COLLECTED MATERIAL -
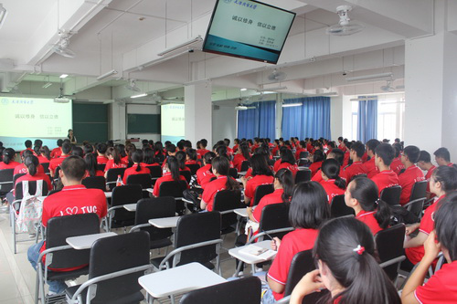 程青青博士以“诚以修身,信以立德”为题,从学术诚信、考试诚信、贷款诚信等方面入手,引用大量的案例,教育引导新生要把握底线,做诚信大学生。在讲座过程中,程青青还结合2018年学生工作手册,仔细为学生讲解了我校学生诚信档案管理办法,并在讲座中与学生积极互动,强化诚信教育的重要性。最后在程青青的倡议下,全体新生签署《天津商业大学学生诚信承诺书》。
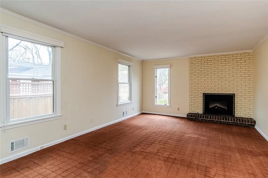 Floor: The room had carpet when I bought the house. My parents and I removed the carpet and my Mom cleaned and took off paint splatters that were all over the floor. I am happy with the historical hardwood floor.
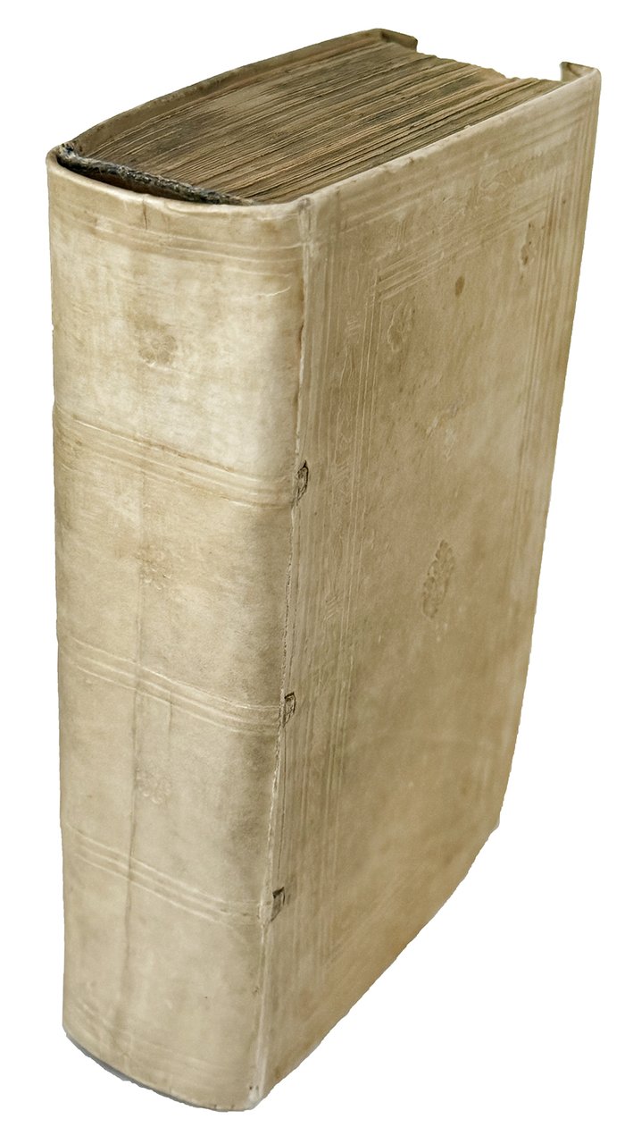 8vo (165x95 mm). [399] leaves. Collation: A-Ddd8. Lacking the final blank leaf. Title printed in red and black with a vignette in center partly colored in red and 16 small woodcuts in the text (two repeated, one full page). Later blind-ruled stiff vellum with overlapping edges, blue edges (faded). Lightly uniformly browned, some occasional staining, small repaired hole to ll. R8 and R8 slightly affecting the text, otherwise a very good, genuine copy.

TASK DIRECTIONS -
Restate every line above exactly, omitting images.

RESULT OF THE EXERCISE -
 程青青博士以“诚以修身,信以立德”为题,从学术诚信、考试诚信、贷款诚信等方面入手,引用大量的案例,教育引导新生要把握底线,做诚信大学生。在讲座过程中,程青青还结合2018年学生工作手册,仔细为学生讲解了我校学生诚信档案管理办法,并在讲座中与学生积极互动,强化诚信教育的重要性。最后在程青青的倡议下,全体新生签署《天津商业大学学生诚信承诺书》。
 Floor: The room had carpet when I bought the house. My parents and I removed the carpet and my Mom cleaned and took off paint splatters that were all over the floor. I am happy with the historical hardwood floor.
 8vo (165x95 mm). [399] leaves. Collation: A-Ddd8. Lacking the final blank leaf. Title printed in red and black with a vignette in center partly colored in red and 16 small woodcuts in the text (two repeated, one full page). Later blind-ruled stiff vellum with overlapping edges, blue edges (faded). Lightly uniformly browned, some occasional staining, small repaired hole to ll. R8 and R8 slightly affecting the text, otherwise a very good, genuine copy.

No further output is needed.